== RECORDS SHOWN ==
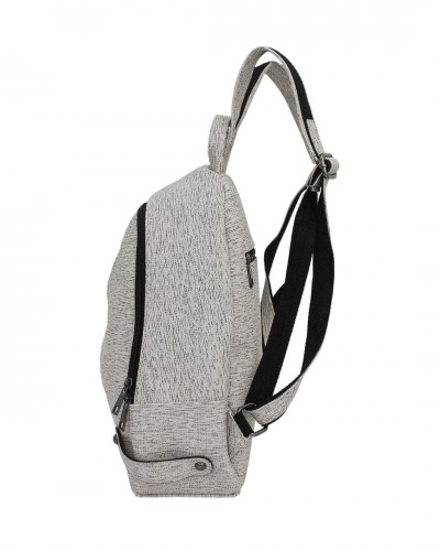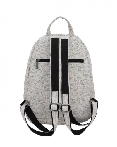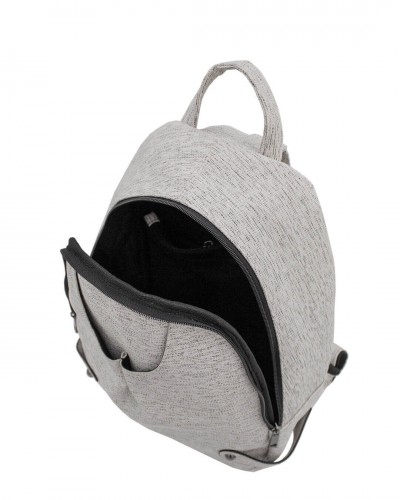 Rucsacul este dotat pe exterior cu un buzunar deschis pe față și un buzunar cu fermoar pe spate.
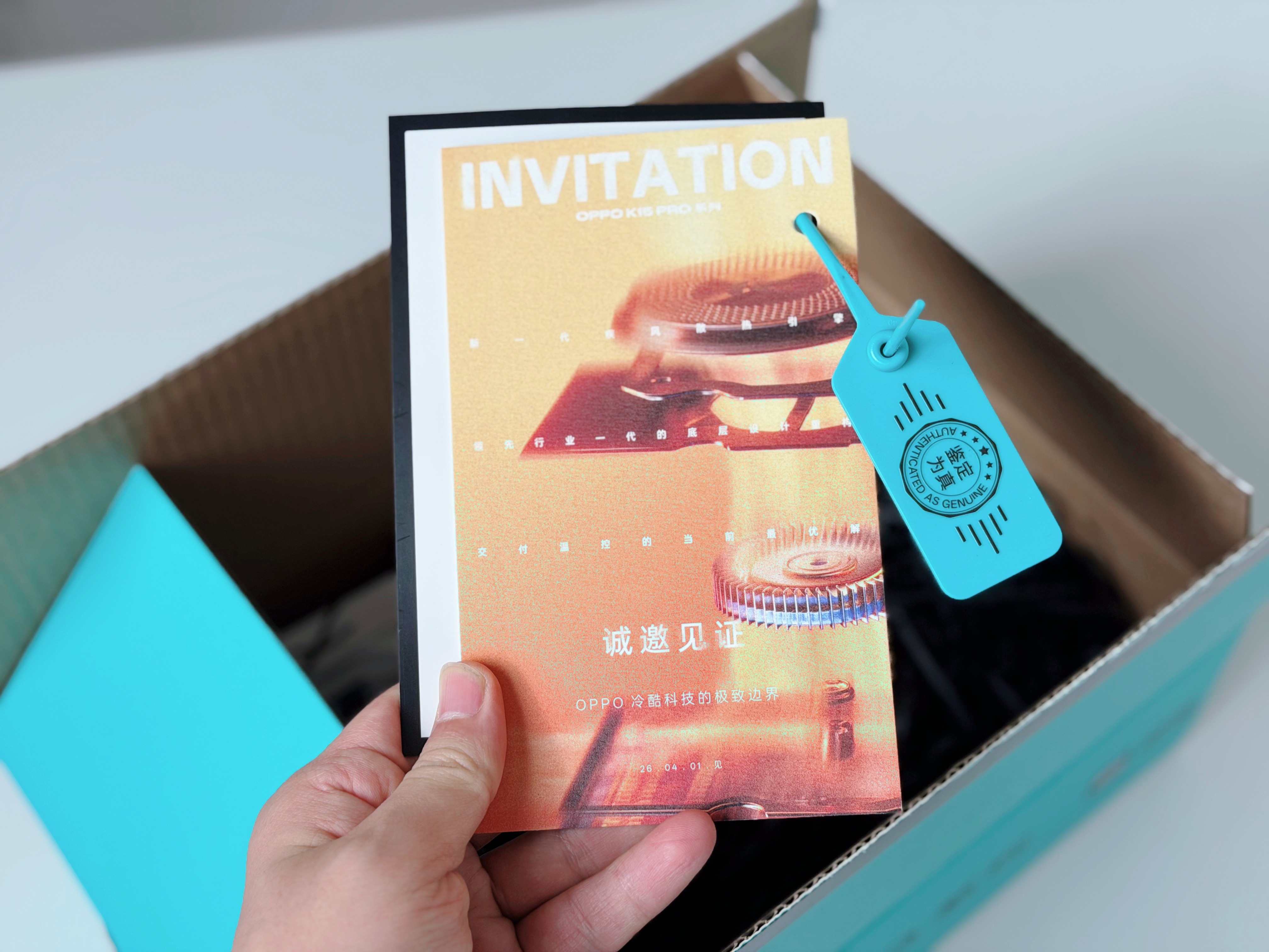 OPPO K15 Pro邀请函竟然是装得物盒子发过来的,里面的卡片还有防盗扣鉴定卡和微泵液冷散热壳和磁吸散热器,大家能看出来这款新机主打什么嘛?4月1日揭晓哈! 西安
* * *
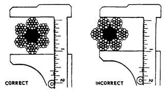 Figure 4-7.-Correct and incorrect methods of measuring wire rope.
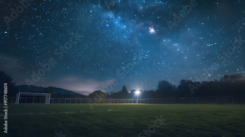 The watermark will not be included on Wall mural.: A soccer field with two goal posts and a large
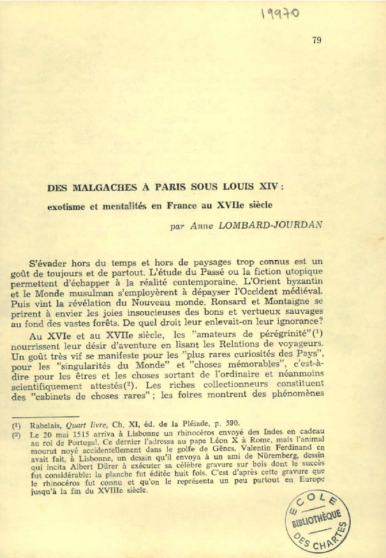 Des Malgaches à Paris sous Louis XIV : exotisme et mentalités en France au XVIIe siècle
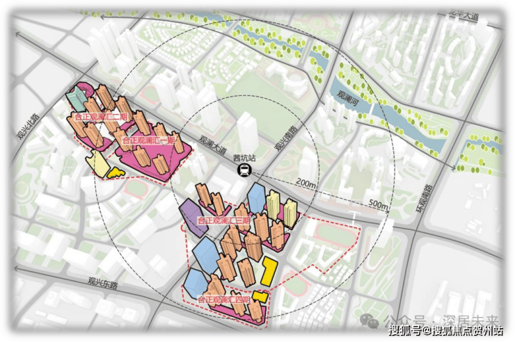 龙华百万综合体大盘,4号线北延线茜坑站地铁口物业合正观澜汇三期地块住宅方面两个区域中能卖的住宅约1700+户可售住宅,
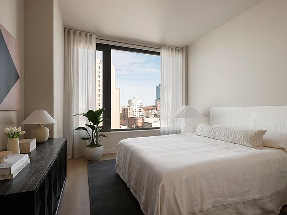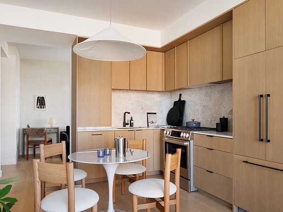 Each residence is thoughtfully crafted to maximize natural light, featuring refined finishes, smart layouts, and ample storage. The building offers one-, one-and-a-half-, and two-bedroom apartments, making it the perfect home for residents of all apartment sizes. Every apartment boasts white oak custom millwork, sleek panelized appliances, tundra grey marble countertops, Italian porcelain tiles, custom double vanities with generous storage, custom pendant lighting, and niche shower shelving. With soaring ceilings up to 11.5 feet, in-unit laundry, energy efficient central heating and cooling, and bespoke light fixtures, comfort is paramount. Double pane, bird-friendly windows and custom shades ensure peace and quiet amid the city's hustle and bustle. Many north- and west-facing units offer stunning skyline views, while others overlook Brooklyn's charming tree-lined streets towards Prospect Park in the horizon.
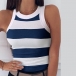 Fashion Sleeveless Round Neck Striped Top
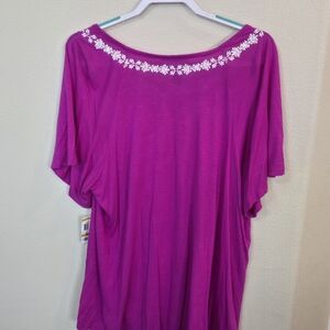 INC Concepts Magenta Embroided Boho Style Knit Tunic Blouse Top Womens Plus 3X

== PROBLEM STATEMENT ==
Above are the records. Copy only the lines from the one with "龙华百万综合体大盘,4号线北" through the one with "Each residence is", exactly, with no pictures.

== OUTPUT BELOW ==
 龙华百万综合体大盘,4号线北延线茜坑站地铁口物业合正观澜汇三期地块住宅方面两个区域中能卖的住宅约1700+户可售住宅,
 Each residence is thoughtfully crafted to maximize natural light, featuring refined finishes, smart layouts, and ample storage. The building offers one-, one-and-a-half-, and two-bedroom apartments, making it the perfect home for residents of all apartment sizes. Every apartment boasts white oak custom millwork, sleek panelized appliances, tundra grey marble countertops, Italian porcelain tiles, custom double vanities with generous storage, custom pendant lighting, and niche shower shelving. With soaring ceilings up to 11.5 feet, in-unit laundry, energy efficient central heating and cooling, and bespoke light fixtures, comfort is paramount. Double pane, bird-friendly windows and custom shades ensure peace and quiet amid the city's hustle and bustle. Many north- and west-facing units offer stunning skyline views, while others overlook Brooklyn's charming tree-lined streets towards Prospect Park in the horizon.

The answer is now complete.